___ DATASET ___

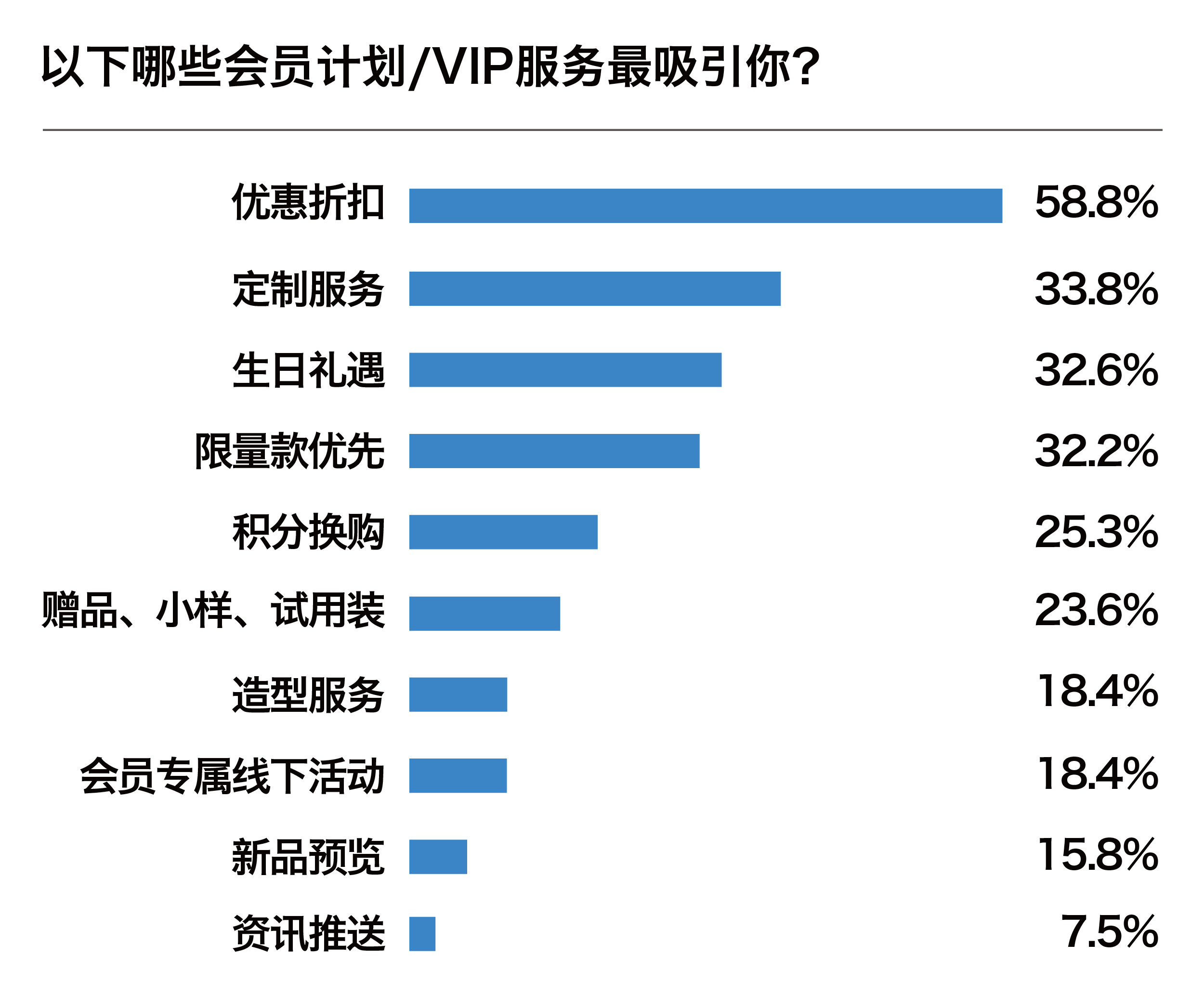 品牌會(huì)員服務(wù)方面,值得品牌們注意同樣是“個(gè)性化定制”和“造型服務(wù)”,報(bào)告顯示,分別有33.8%和18.4%的男性消費(fèi)者希望品牌能夠提供這兩項(xiàng)會(huì)員服務(wù)。
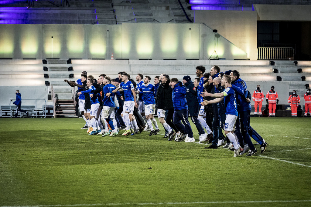 “Dass die Fans es so enthusiastisch aufgenommen haben, war mir wirklich eine Ehre”, bedankte sich Tietz später am Mikrofon bei allen blau-weißen Doppelhorn-Sängern und -Tänzern. Es war das i-Tüpfelchen auf einer ohnehin schon wahnsinnigen Stimmung am Böllenfalltor, in welchem sich erstmals nach längerer Zeit wieder 11.000 Lilien-Fans versammelten. Und sie entfachten unter Flutlicht wieder einmal diese ganz besondere Bölle-Magie. Etwas, worauf sich Torsten Lieberknecht schon auf der Pressekonferenz vor der Partie freute: “Gemeinsam können wir hier eine große Wucht erzeugen”. So kam es auch.
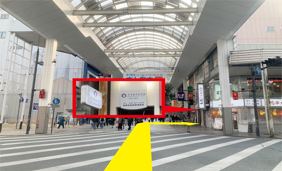 市電 通町筋駅で下車して、下通りアーケード方面へ渡ります。
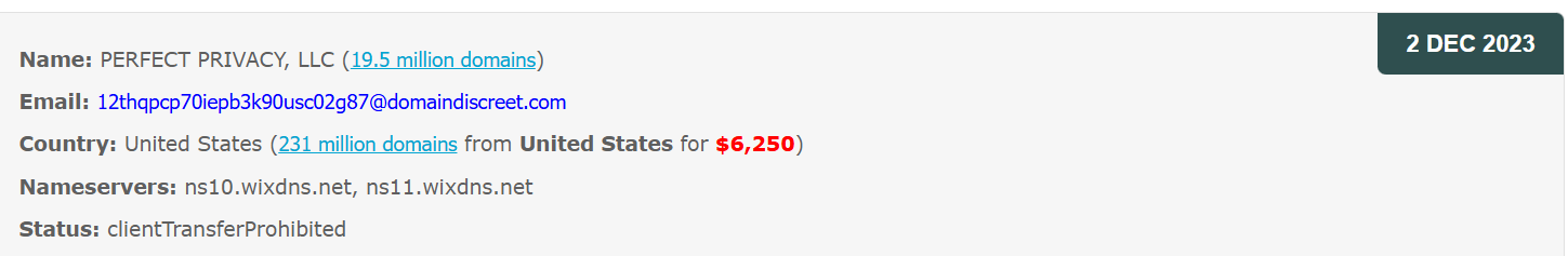 كما وضع الحساب رابط لموقع إلكتروني يحمل نفس الاسم، وعند فحص نطاق الالكتروني، أظهرت أداة فحص النطاقات الإلكترونية أن النطاق كان مسجل عام 2023 بالولايات المتحدة!
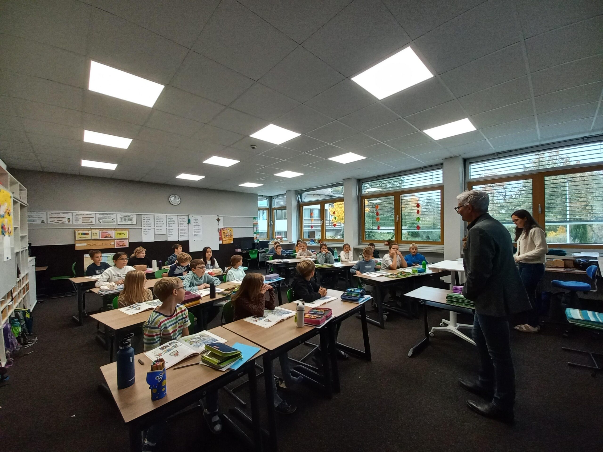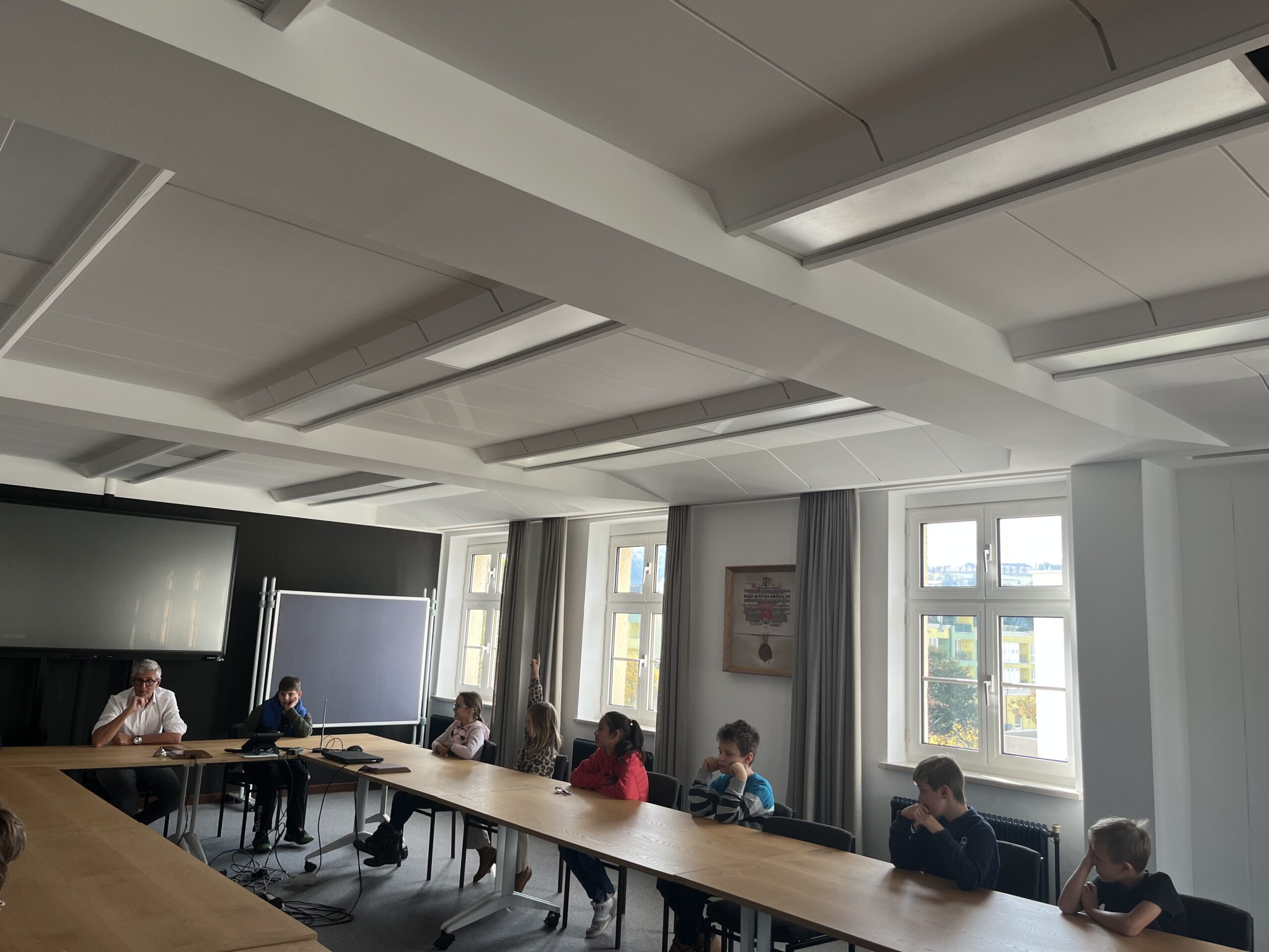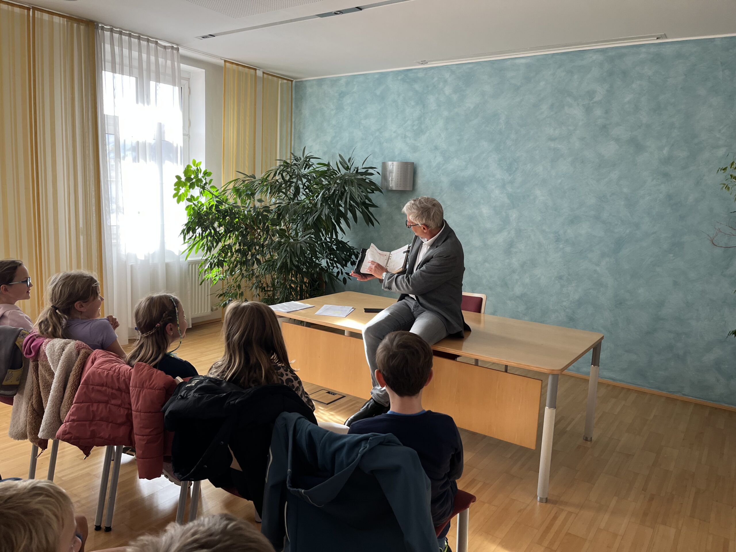 Außerdem durften die Kinder viele Fragen stellen, die der Bürgermeister seinen interessierten Zuhörerinnen und Zuhörern geduldig beantwortete.

___

▸ **WHAT YOU SHOULD DO**:
Retype each of the entries above exactly as it appears, with no pictures.

▸ **RESULT**:
 品牌會(huì)員服務(wù)方面,值得品牌們注意同樣是“個(gè)性化定制”和“造型服務(wù)”,報(bào)告顯示,分別有33.8%和18.4%的男性消費(fèi)者希望品牌能夠提供這兩項(xiàng)會(huì)員服務(wù)。
 “Dass die Fans es so enthusiastisch aufgenommen haben, war mir wirklich eine Ehre”, bedankte sich Tietz später am Mikrofon bei allen blau-weißen Doppelhorn-Sängern und -Tänzern. Es war das i-Tüpfelchen auf einer ohnehin schon wahnsinnigen Stimmung am Böllenfalltor, in welchem sich erstmals nach längerer Zeit wieder 11.000 Lilien-Fans versammelten. Und sie entfachten unter Flutlicht wieder einmal diese ganz besondere Bölle-Magie. Etwas, worauf sich Torsten Lieberknecht schon auf der Pressekonferenz vor der Partie freute: “Gemeinsam können wir hier eine große Wucht erzeugen”. So kam es auch.
 市電 通町筋駅で下車して、下通りアーケード方面へ渡ります。
 كما وضع الحساب رابط لموقع إلكتروني يحمل نفس الاسم، وعند فحص نطاق الالكتروني، أظهرت أداة فحص النطاقات الإلكترونية أن النطاق كان مسجل عام 2023 بالولايات المتحدة!
 Außerdem durften die Kinder viele Fragen stellen, die der Bürgermeister seinen interessierten Zuhörerinnen und Zuhörern geduldig beantwortete.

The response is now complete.